## What the exercise asks
Under this line are the records; repeat exactly the lines starting at the one containing "美元/日元 当日内 : 看涨,当 146.97 为支撑位。" and ending at the one containing "04月25日,西藏药业收报4", omitting pictures.

## Provided records
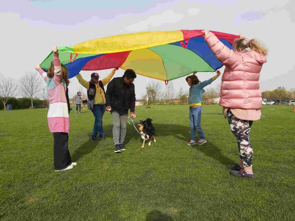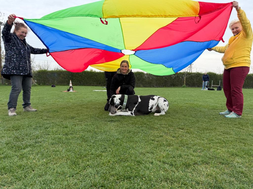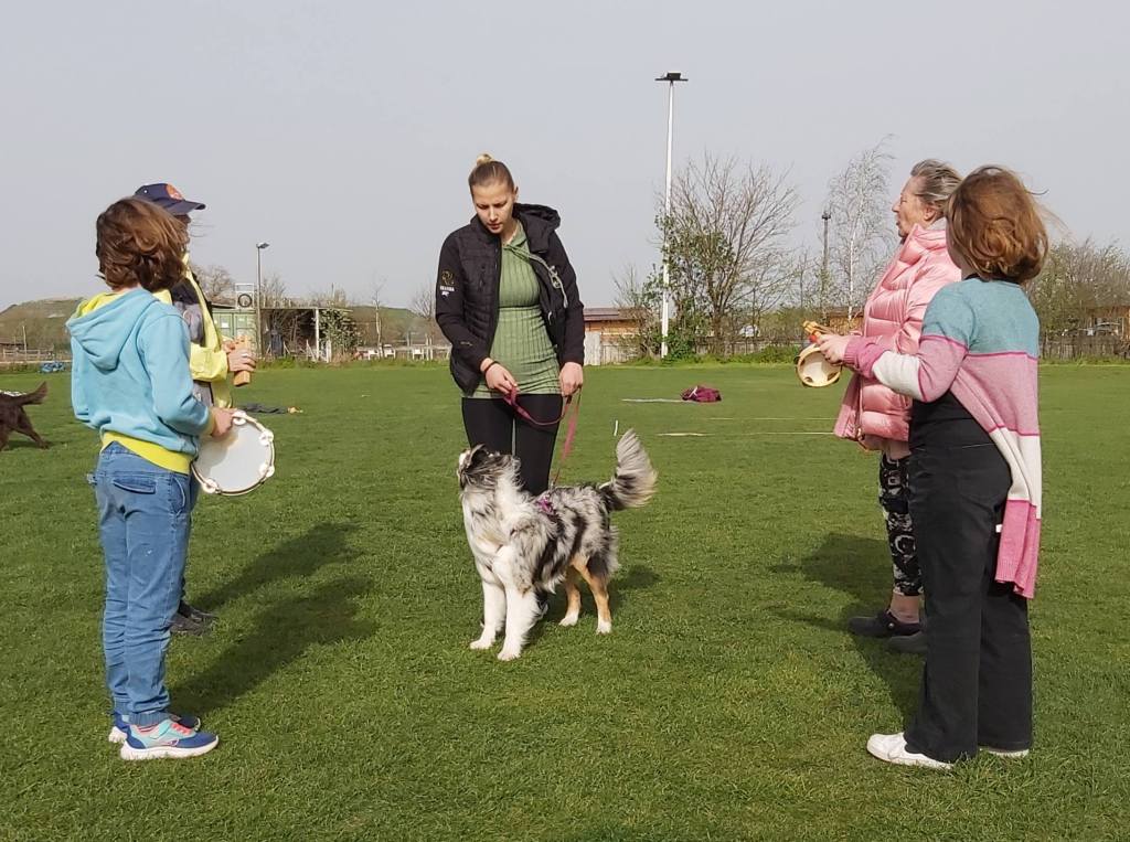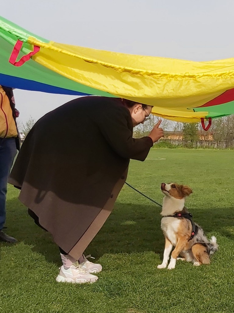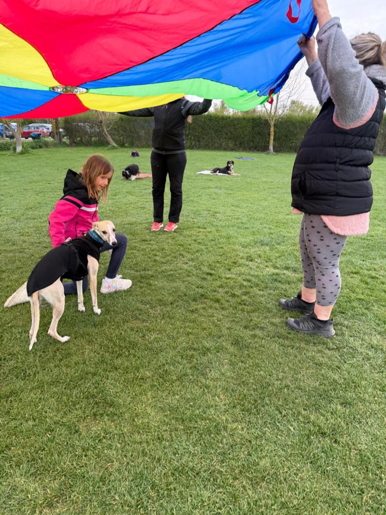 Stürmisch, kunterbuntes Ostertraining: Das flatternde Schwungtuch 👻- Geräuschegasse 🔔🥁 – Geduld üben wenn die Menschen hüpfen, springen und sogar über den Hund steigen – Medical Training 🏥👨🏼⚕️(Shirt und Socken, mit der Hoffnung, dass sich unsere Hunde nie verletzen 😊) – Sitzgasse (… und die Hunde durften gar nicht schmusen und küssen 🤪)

==

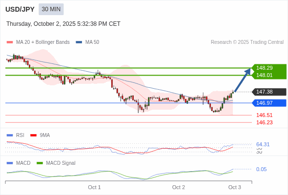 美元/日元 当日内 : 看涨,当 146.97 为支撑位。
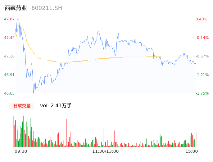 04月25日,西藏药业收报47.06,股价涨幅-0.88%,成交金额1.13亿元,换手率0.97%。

...

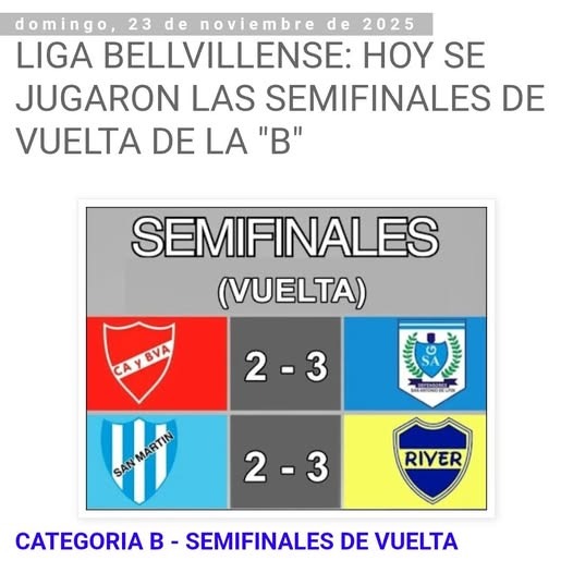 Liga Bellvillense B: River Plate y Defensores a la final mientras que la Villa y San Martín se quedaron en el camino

## Task response
 美元/日元 当日内 : 看涨,当 146.97 为支撑位。
 04月25日,西藏药业收报47.06,股价涨幅-0.88%,成交金额1.13亿元,换手率0.97%。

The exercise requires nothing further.